项目作者: yl255
项目描述 :
Build tensorflow(v1.13.1) with vs2017 using cuda 10.1
高级语言: C++
项目地址: git://github.com/yl255/Build-tensorflow-v1.13.1-with-vs2017-using-cuda-10.1.git
tensorflow-v1.13.1-build-with-vs2017-cuda10.1
system info: cuda 10.1, vs2017 Community, cmake 3.16.0
I just build the C/C++ api, not using Python.
prepare for building:
1.1 tensorflow-v1.13.1 source code (please download from github)
- 1) unzip the code to ./tensorflow-1.13.1
- 2) the project need a new version of abseil_cpp. Update the abseil_cpp.cmake (in the ./tensorflow/contrib/cmake/external) to the my version.
- 3) copy the “version_info.cc” file to the ./tensorflow/core/util/version_info.cc.(Auto generate?)
- 4) open the file “/tensorflow/core/util/cuda_kernel_helper.h”,
change #include "cuda/include/cuda_fp16.h"
to #include "cuda_fp16.h"
see: issues31349 - 5) update the tf_core_kernels.cmake (in the ./tensorflow/contrib/cmake/external)
Just add nccl_manager files.

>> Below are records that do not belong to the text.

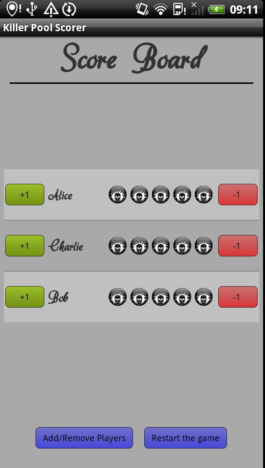 Killer Pool Scorer将为您管理每个玩家的生命,并在需要时添加或删除多个生命。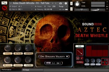 Soundiron Aztec Death Whistle est une banque de 723 échantillons sonores en 24 bits / 48 kHz enregistrés à partir d’une petite flûte en forme de crâne faite dans de la glaise. L’air insufflé dans un trou situé au dessus du crâne résonne dans deux cavités pour produire un son similaire à un râle, au souffle d’un agonisant, en résumé à quelque chose de démoniaque que vous pourrez facilement utiliser dans vos animations d’Halloween.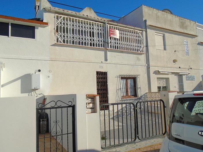 Large Townhouse in San Miguel de Salinas in need of modernisation. The property has 4 bedrooms, 2.5 bathrooms, 2 tiled terraces ( front and back ), an open plan kitchen, 2 lounges and a private solarium with lake and distant sea views. On the ground floor you have the kitchen, 2 bedrooms, main bathroom, a lounge and stairs leading to the upstairs living area. Here are the other 2 bedrooms, lounge, bathroom and toilet, terrace and stairs leading to the solarium.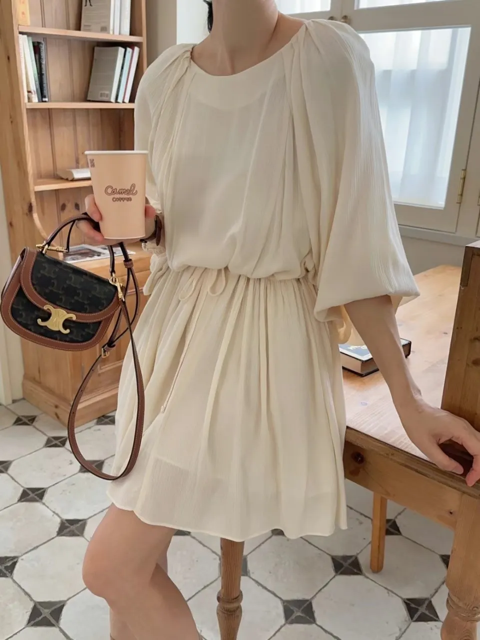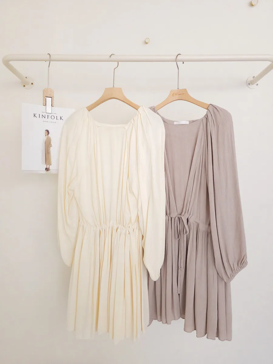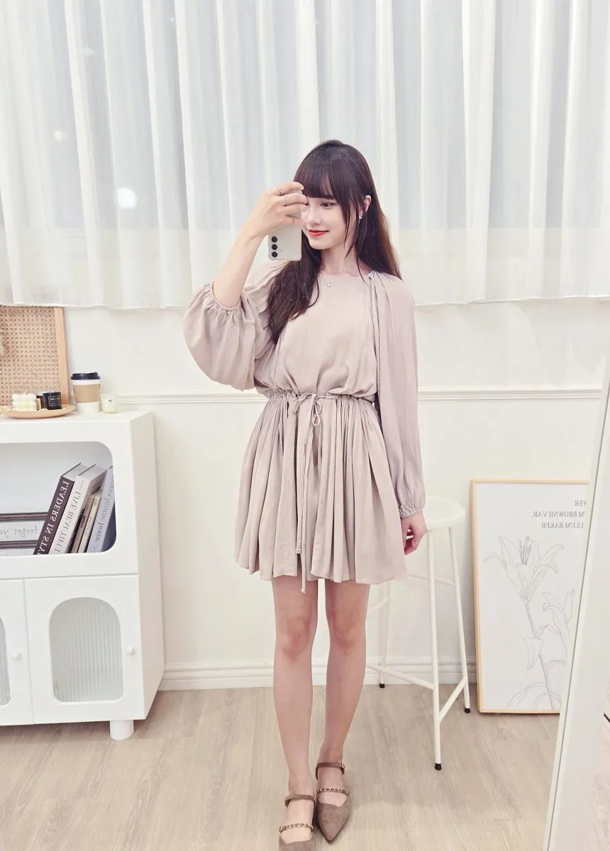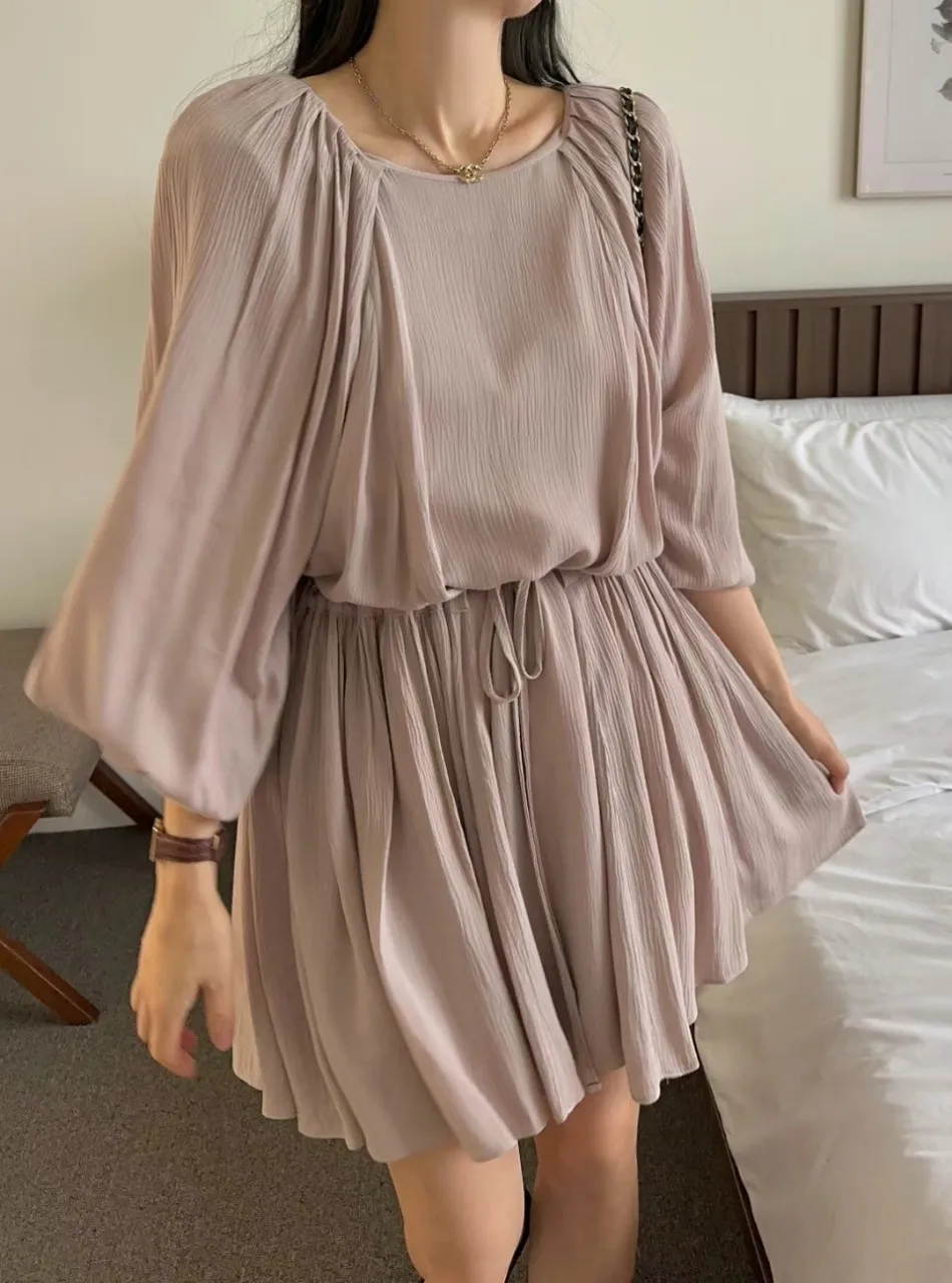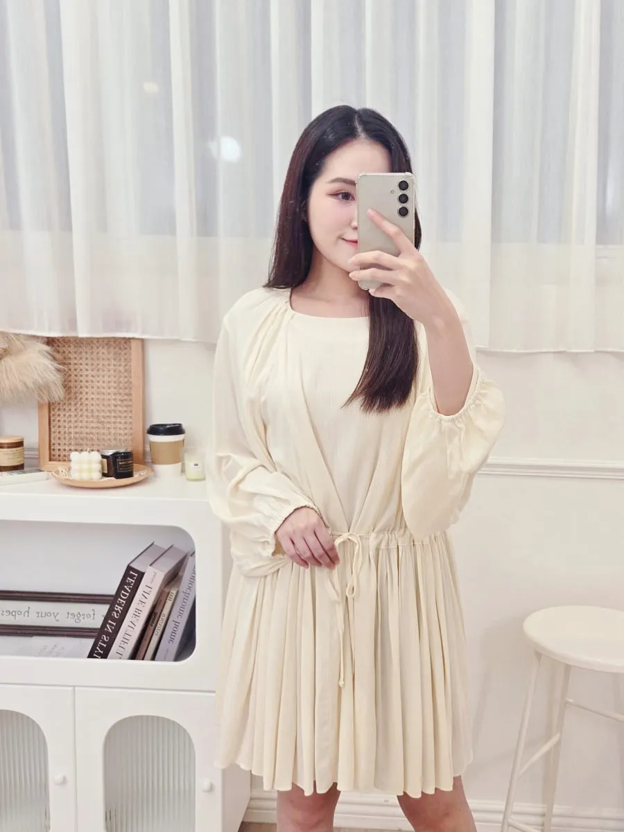正韓 抽繩縮腰皺褶短洋裝 2色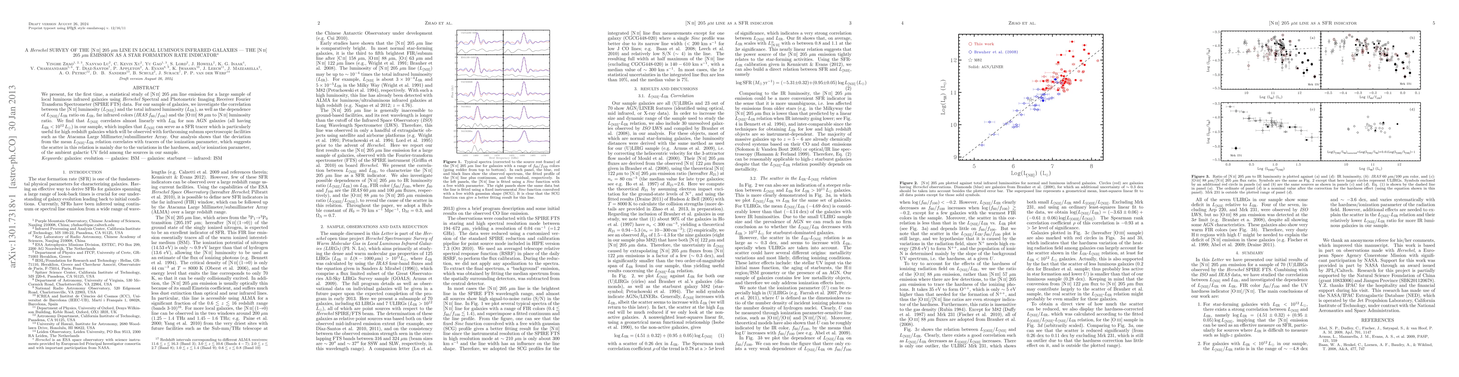 We present, for the first time, a statistical study of [N II] 205 mciron line emission for a large sample of local luminous infrared galaxies using Herschel Spectral and Photometric Imaging Receiver Fourier Transform Spectrometer (SPIRE FTS) data. For our sample of galaxies, we investigate the correlation between the [N II] luminosity (LNII) and the total infrared luminosity (LIR), as well as the dependence of LNII/LIR ratio on LIR, far infrared colors (IRAS $f_{60}/f_{100}$) and the [O III] 88 micron to [N II] luminosity ratio. We find that LNII correlates almost linearly with LIR for non AGN galaxies (all having $L_{IR} < 10^{12} L_solar$) in our sample, which implies that LNII can serve as a SFR tracer which is particularly useful for high redshift galaxies which will be observed with forthcoming submm spectroscopic facilities such as the Atacama Large Millimeter/submillimeter Array. Our analysis shows that the deviation from the mean LNII-LIR relation correlates with tracers of the ionization parameter, which suggests the scatter in this relation is mainly due to the variations in the hardness, and/or ionization parameter, of the ambient galactic UV field among the sources in our sample.

I failed to add a new ‘tf_core_nccl.cmake’ file to the project :(. 6) about the inculd ‘cud’ libraray.
There are some source files with the header like #include "third_party/cub/*.cuh"
It maybe need to change: #include "cub/*.cuh"
, delete the ‘third_party/‘
The files such as:
tensorflow/core/kernels/scan_ops_gpu.cu.cc
tensorflow/core/kernels/depthwise_conv_op_gpu.cu.cc
tensorflow/core/kernels/dynamic_partition_op_gpu.cu.cc
tensorflow/core/kernels/histogram_op_gpu.cu.cc
tensorflow/core/kernels/topk_op_gpu.cu.cc
tensorflow/core/kernels/where_op_gpu.cu.h
`tensorflow/core/kernels/bincount_op_gpu.cu.cc’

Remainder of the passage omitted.